(Provided information Opens)
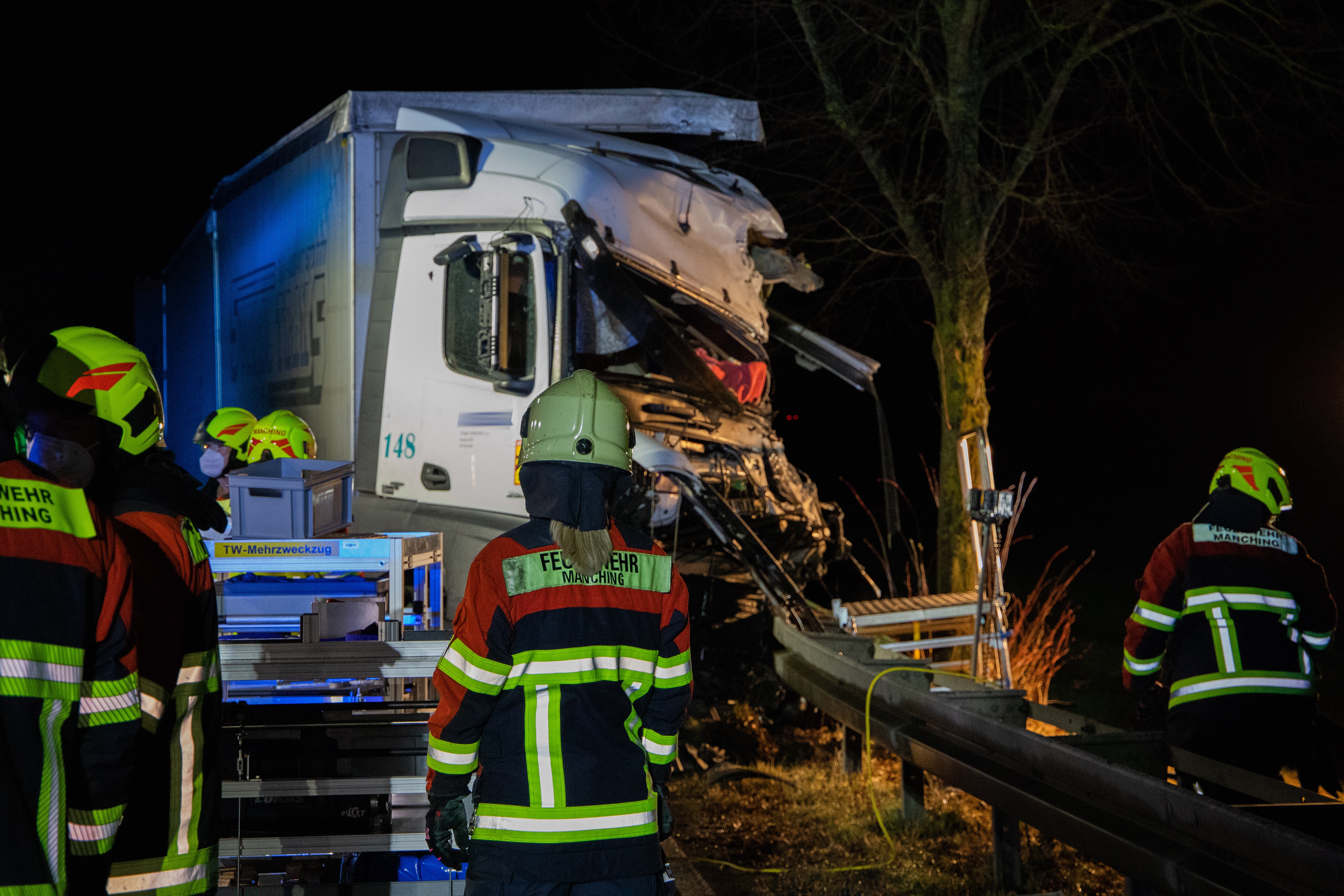 (ty) Ein schrecklicher Verkehrsunfall hat sich am heutigen Morgen gegen 5.20 Uhr auf der B16 im Gemeinde-Bereich von Manching ereignet. Ein Lastwagen-Gespann geriet auf die Gegenspur, touchierte dort erst einen entgegenkommenden Sattelzug und krachte dann frontal mit einem weiteren entgegenkommenden Lkw zusammen. Der 55-jährige Unfall-Verursacher war sofort tot, sein Beifahrer (27) erlitt leichte Verletzungen. Der entgegenkommende Fahrer (41), der in den Frontal-Crash verwickelt worden war, wurde eingeklemmt und schwer verletzt. Der weitere Lkw-Lenker (46) musste wegen eines Glassplitters im Auge in eine Spezial-Klinik geflogen werden. Die Bundesstraße ist in diesem Bereich vermutlich bis etwa 13 Uhr komplett gesperrt.
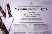 10 ноябрьдә Казанда узган “Музыкаль юл” Бөтенроссия күпжанрлы конкурсы нәтиҗәләре билгеле булды. «Концертмейстерское мастерство» номинациясендә фортепиано бүлеге укучысы Степанова Софья (укытучысы Бариева Д.М.) 3 дәрәҗә Лауреат булды! Котлыйбыз!!!
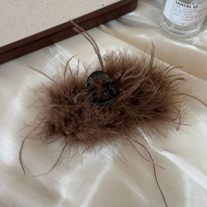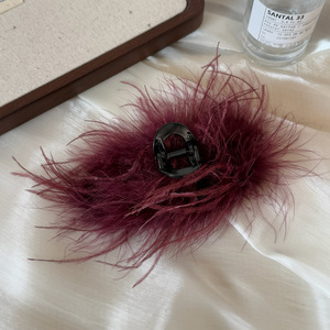 ヘアボリュームを増やす大きな羽根グリッパー、高級感のある新しい後頭部ヘアピン、ヘアアクセサリー、女性用オーストリッチフェザーシャーククリップ
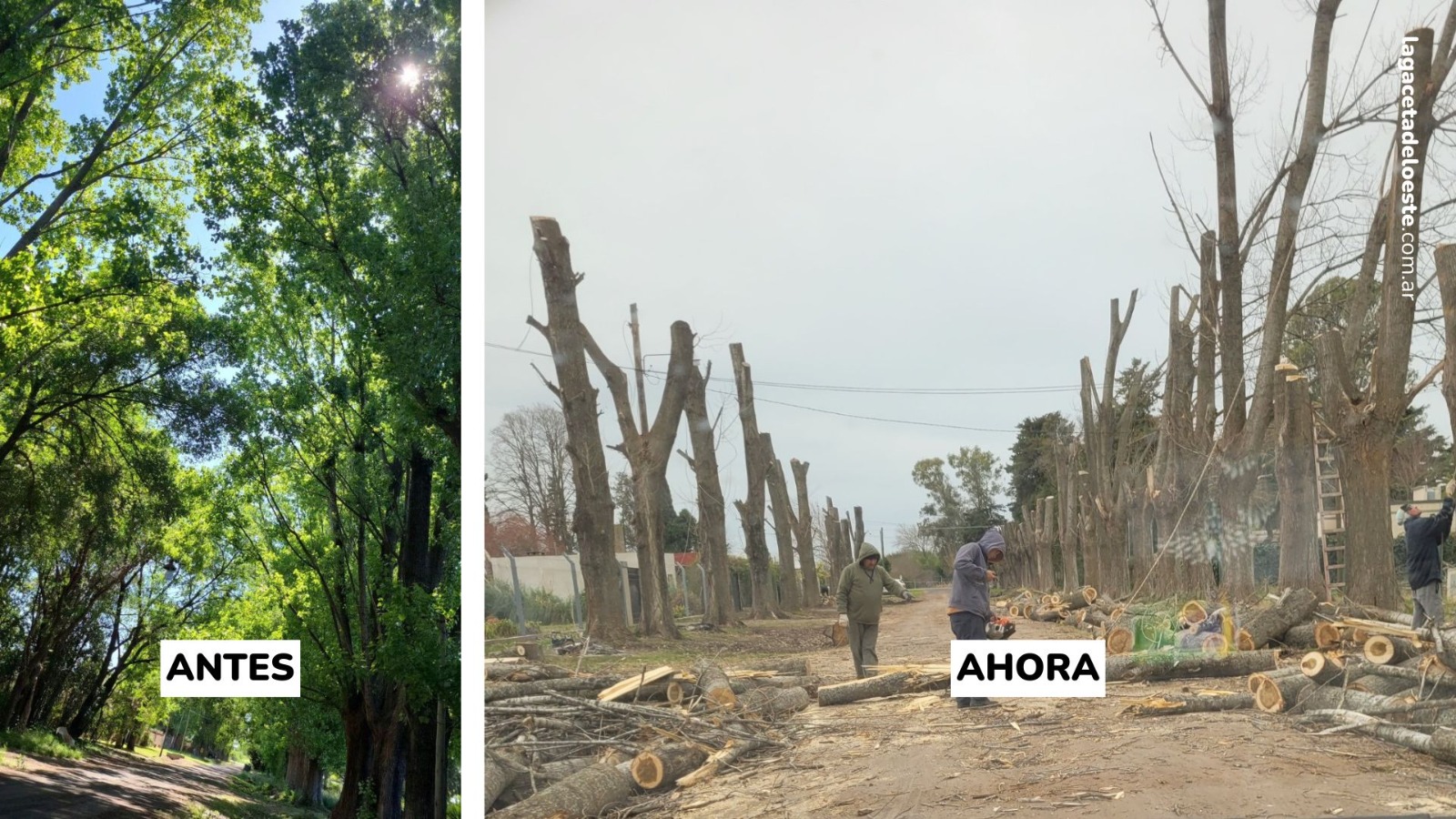 Talaron unos hermosos álamos que bordeaban la calle 576 en nuestra ciudad. Ya hace algún tiempo una vecina, Noelia Bordon, había advertido sobre la intención de talarlos y lamentablemente se concretó.
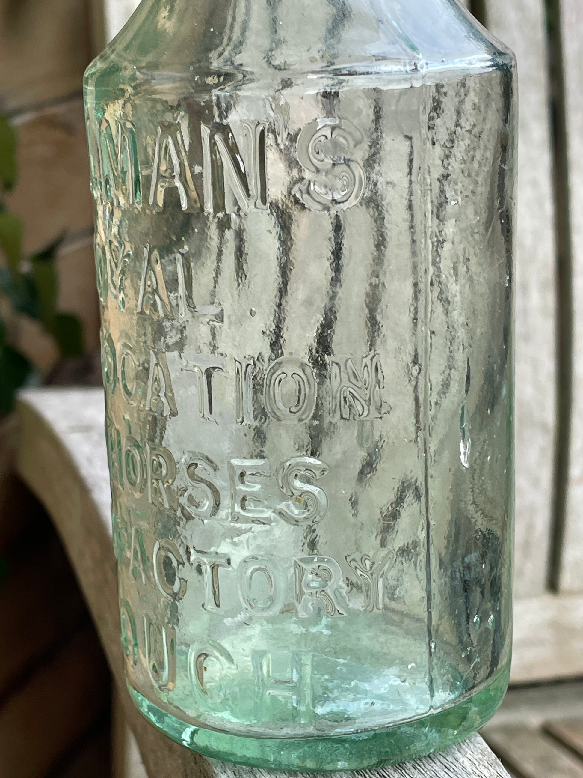 Antique glass bottle Elliman's Royal Embrocation for Horses Manufactory Slough
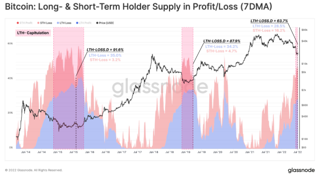 然而,Glassnode的分析师写道,熊市“仍然需要一定的持续时间”,因为长期持有者(LTH)往往对比特币作为一种技术抱有更大的信心,越来越多的长期持有者在承担最大的未实现损失。
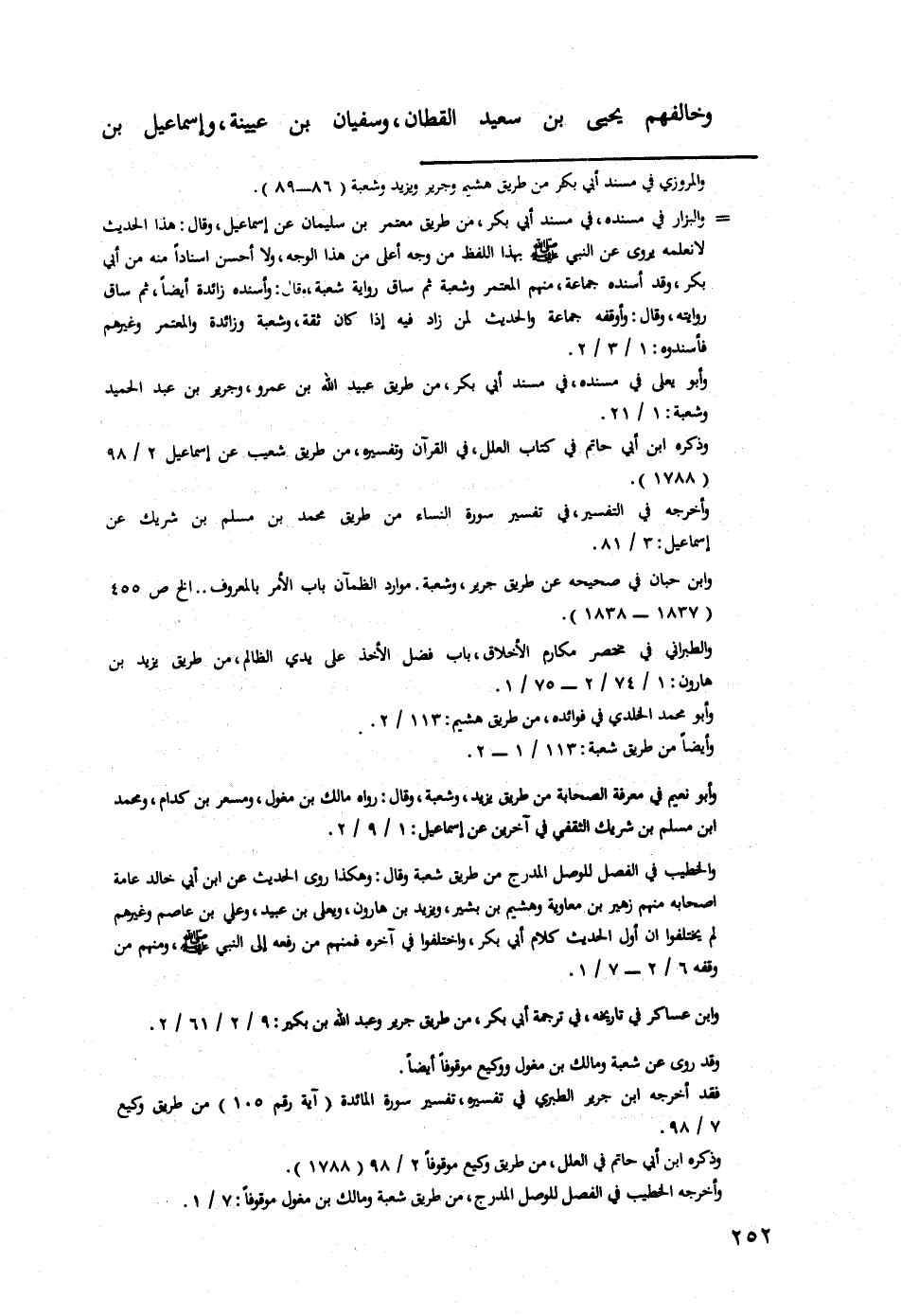 وَجَمِيعُ رُوَاةِ هَذَا الْحَدِيثِ ثِقَاتٌ وَيُشْبِهُ أَنْ يَكُونَ قَيْسُ بْنُ أَبِي حَازِمٍ كَانَ يَنْشَطُ فِي الرِّوَايَةِ مَرَّةً فَيُسْنِدُهُ، وَمَرَّةً يَجْبُنُ عَنْهُ فَيَقِفَهُ عَلَى أَبِي بَكْرٍ.
(Provided information Closes)
▸ Prompt
Write out the lines from the line with "Talaron unos hermosos" through the end of the records exactly; do not include pictures or any other lines.

▸ Exercise output
 Talaron unos hermosos álamos que bordeaban la calle 576 en nuestra ciudad. Ya hace algún tiempo una vecina, Noelia Bordon, había advertido sobre la intención de talarlos y lamentablemente se concretó.
 Antique glass bottle Elliman's Royal Embrocation for Horses Manufactory Slough
 然而,Glassnode的分析师写道,熊市“仍然需要一定的持续时间”,因为长期持有者(LTH)往往对比特币作为一种技术抱有更大的信心,越来越多的长期持有者在承担最大的未实现损失。
 وَجَمِيعُ رُوَاةِ هَذَا الْحَدِيثِ ثِقَاتٌ وَيُشْبِهُ أَنْ يَكُونَ قَيْسُ بْنُ أَبِي حَازِمٍ كَانَ يَنْشَطُ فِي الرِّوَايَةِ مَرَّةً فَيُسْنِدُهُ، وَمَرَّةً يَجْبُنُ عَنْهُ فَيَقِفَهُ عَلَى أَبِي بَكْرٍ.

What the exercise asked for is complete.